Given conflicting expert recommendations and lack of strong evidence supporting standardization of practice for children with SSSS, we hypothesized that there is substantial variation in diagnostic test use. Variation in diagnostic testing and associated costs across hospitals has not been well described in the literature. Similarly, it is unclear whether a lower rate of test use is associated with differences in patient outcomes. With increasing attention on diagnostic test stewardship,2226  understanding the role of diagnostic testing in SSSS is needed to promote more judicious use and help decrease unnecessary health care costs. Our aim with this study is to describe the variation in diagnostic testing across multiple US children’s hospitals and to determine if patterns in diagnostic testing are associated with differences in hospital length of stay (LOS), cost, readmission rates, and emergency department (ED) revisits.
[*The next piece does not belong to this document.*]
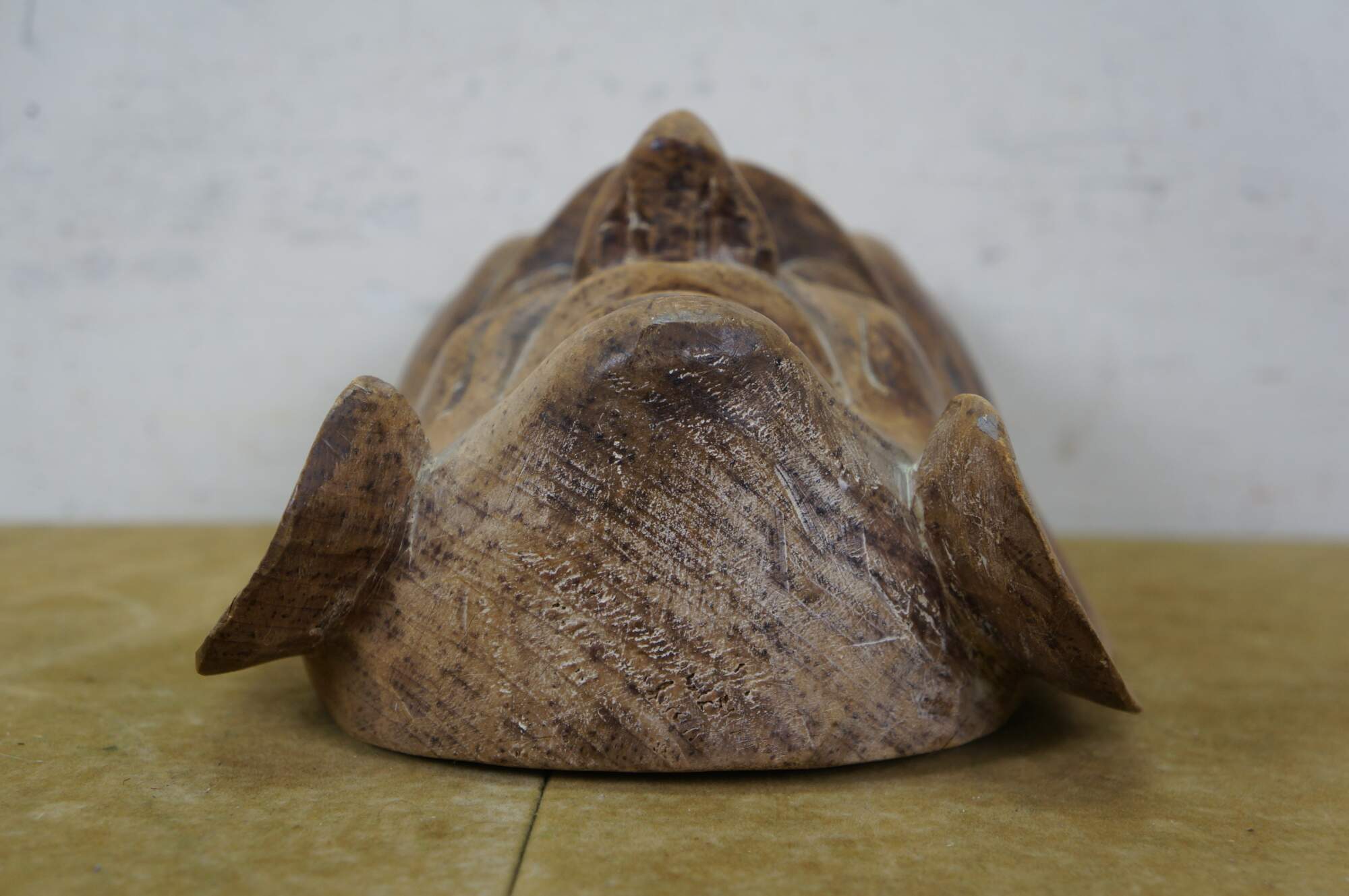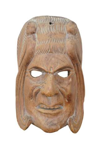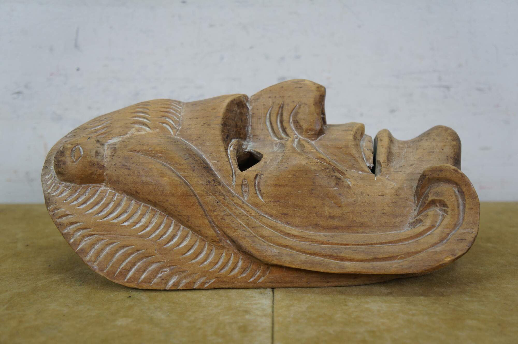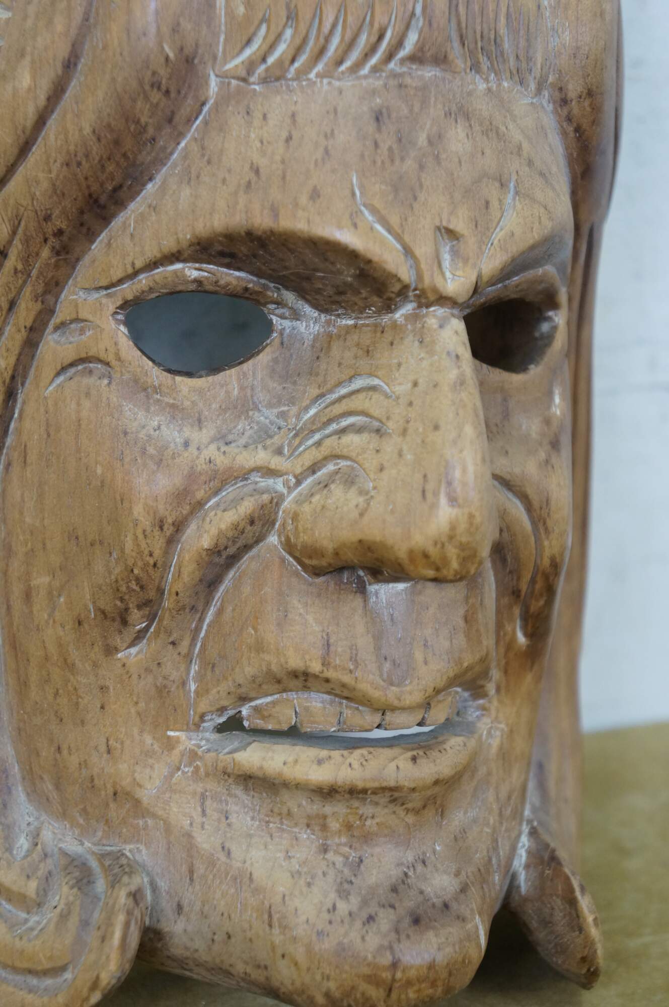 Vintage 20th century hand carved Guatemalan / Mayan wall hanging mask - detailed human face with tall hair, flanked on either side by parrots / birds with long tail feathers.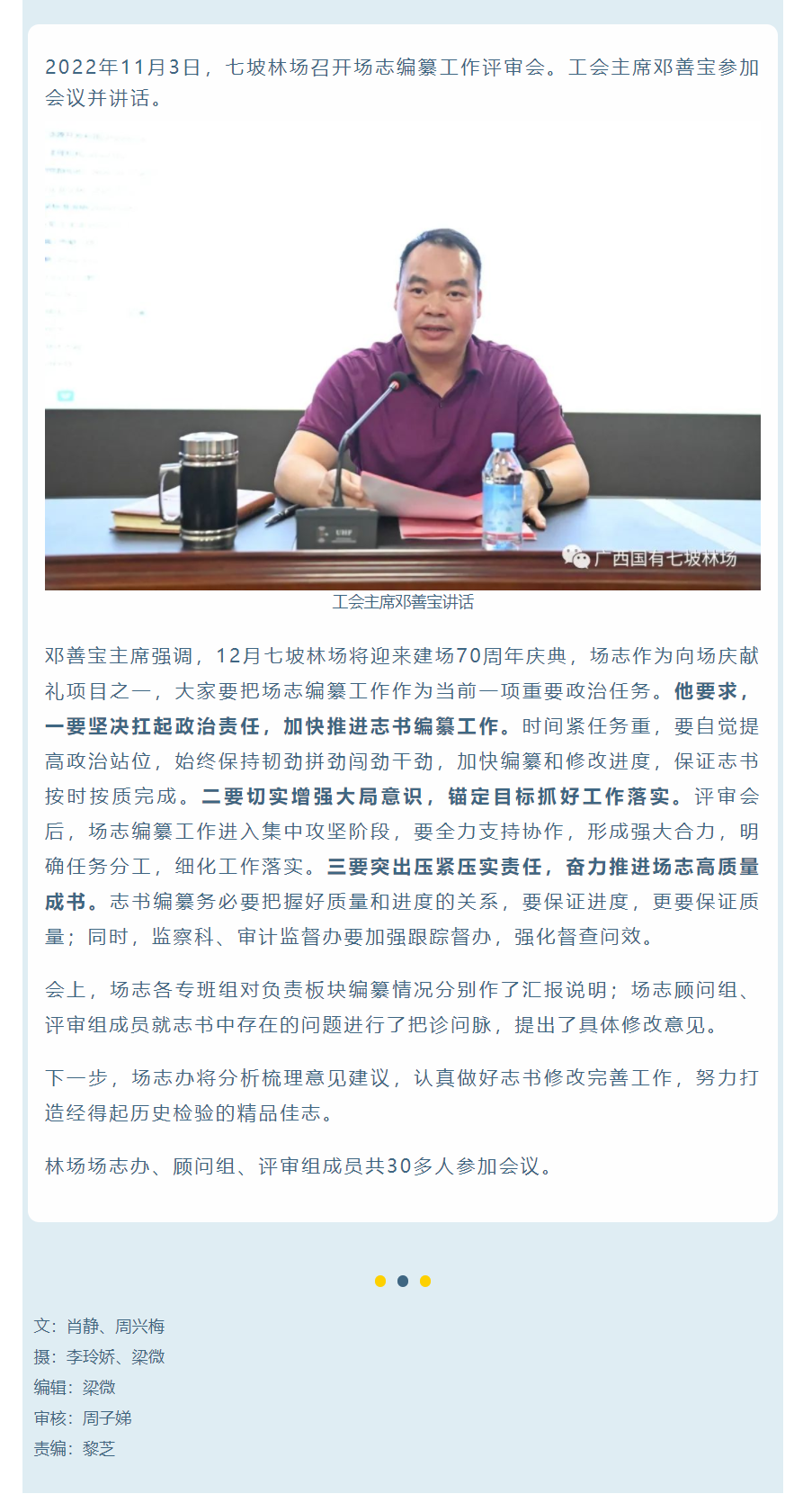 七坡林场召开场志编纂工作评审会

We performed a multicenter, retrospective cohort study using data from 35 free-standing tertiary care US children’s hospitals located across 24 states within the Pediatric Health Information System (PHIS) database. The PHIS database is maintained by the Children’s Hospital Association in Lenexa, Kansas, and contains deidentified patient data, including demographics, diagnoses (with International Classification of Diseases, Ninth Revision, Clinical Modification [ICD-9-CM] and International Classification of Diseases, 10th Revision, Clinical Modification [ICD-10-CM]), procedures, and daily billing information. Participating hospitals and the Children’s Hospital Association ensure the quality and reliability of the data.27  The local institutional review board determined that this study did not constitute human subjects research because the information was deidentified.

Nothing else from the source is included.